IT is no surprise that Malik Riaz and his £190m are already fading from the public eye. Modi sarkar is doing its best to consolidate majoritarian tyranny next door, lawyers in Lahore are reminding us how retributive, mob mentalities pervade society by ransacking a hospital, and Asif Zardari has finally made bail. Some of these are important matters to which we ought to dedicate attention. But ultimately all such events are simply cogs in the ever-turning ‘breaking news’ wheel.
The Malik Riaz story merits more introspection from society at large, because it tests our own principles and visions of a more just society. First, the old news: Pakistan is dominated by the rich and powerful, who make tactical, self-serving alliances up and down the political-economic food chain to maintain power.

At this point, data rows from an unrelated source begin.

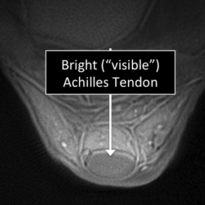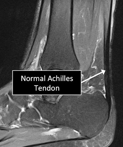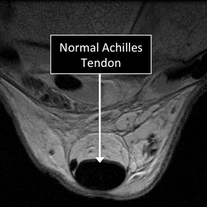 Ankle MRI examinations showing normal (top) and abnormal (bottom) Achilles tendon.
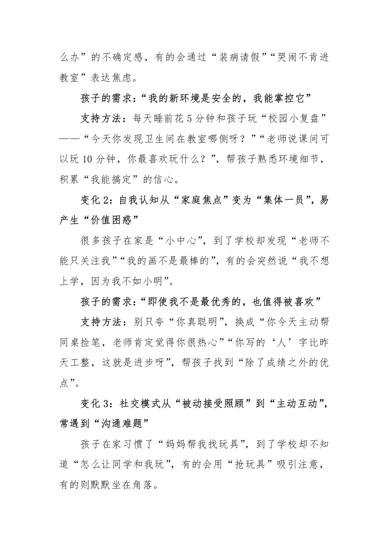 【一年级】【秋季上】【期中】家长会:站稳成长第一阶晨晨老师29天前发布关注私信0.29MB7页03710 以下为资料部分截图预览,下载后为超高清原文件。 第1页 / 共7页 第2页 / 共7页 试读已结束,还剩5页,您可下载完整版后进行离线阅读 加入VIP,享海量教务资料,无限制免费下载所有材料 【一年级】【秋季上】【期中】家长会:站稳成长第一阶此内容为付费资源,请付费后查看¥9.9¥15.9VIP会员免费代理(享70%分佣)免费立即购买您当前未登录!建议登陆后购买,可保存购买订单付费资源© 版权声明文章版权归作者所有,未经允许请勿转载。THE END班级管理 文本预览 站稳成收第一阶2025年秋季一年级家长会讲稿尊敬的各位家长:大家好!今天是我们近半学期来的首次正式相聚。当孩子们背上书包踏入校园时,他们迈出的不仅是入学第一步,更是人生从“家庭中心”走向“社会集体”的关键跨越。此刻坐在这里的每一位家长,或许都藏着同样的牵挂:我的孩子适应了吗?他在学校开心吗?今天,我们不聊分数排名,聚焦“一年级转折点”的四个核心真相。一、您是否读懂孩子的“适应密码”一比成绩更重要的是心理扎根半个学期来,我们见证了太多动人的成长:有从入园哭半小时到主动当“领读员”的孩子,也有从不敢举手到勇敢分享的宝贝。但更需要关注的,是孩子们藏在行为背后的心理信号一一这两个月里,他们正经历着人生第一次“心理断乳”,每一个小情绪、小抗拒,都是在向我们传递需求。变化1:安全感来源从“父母”转向“环境”,容易陷入“不确定焦虑”刚入学时,孩子习惯了家里“随叫随到”的照顾,突然要面对“上课不能随便说话”“喝水要排队”“找不到妈妈怎 查看更多 收起部分 喜欢就支持一下吧点赞10 分享QQ空间微博QQ好友海报分享复制链接收藏
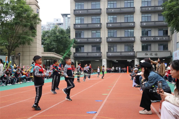近日,成都市石笋街小学校(西区)的校园里,呐喊与欢笑交织,激情与活力迸发。这是一场属于全体“笋娃”们的体育盛宴,孩子们在赛场上挥洒汗水,挑战自我,尽情享受运动的无穷乐趣。

They fight like cats and dogs, especially along civ-mil and ethnic fault lines, but close ranks and protect shared privilege at crucial junctures. Malik Riaz embodies this intra-elite solidarity’, the mainstream political parties — and the establishment that sits above them — are alleged to have patronised him and been rewarded for doing so.
But what about the many self-respecting readers of this newspaper and others of similar ilk? Not the wretched of the earth by any means, but arguably not part of the ruling class either. Most would categorise themselves as part of the mythical middle strata, some with lineages traceable to the colonial era, others of more recent, vernacular vintage. Whatever the genealogy, most of us claim to have no connection to the shenanigans that play out in the dark world inhabited by Malik Riaz & co.
They may fight but close ranks to protect shared privileges.
At the risk of offence, this is like an ostrich digging its head in the proverbial sand.
Malik Riaz has not only come to symbolise the profiteering of our ruling clique, but speaks to what is essentially a hegemonic aspiration amongst many, many ‘ordinary’ Pakistanis to live in a gated housing community, replete with safety, an uninterrupted supply of basic amenities and a generally ‘respectable’ life.
This demographic cannot be reduced to any particular ideological orientation or political alignment, but has generally imbibed the idea that the ‘public sector’ is beyond repair and so idealises the housing, education, health and other facilities provided in a Bahria, DHA or the many other schemes springing up across Pakistan. Some don’t even want to live there — they just buy a plot or two as an investment for their kids’ education or old age.
In this demographic of people falls those who support Imran Khan’s incessant rhetoric of anti-PML-N/PPP accountability, and Pervez Musharraf before him. Yet this same demographic includes those who are Nawaz Sharif or Asif Zardari loyalists. One can find ANP, PkMAP or other ethnic-nationalist parties’ supporters. Serving and retired personnel of the civil and military services are very much on the list as well.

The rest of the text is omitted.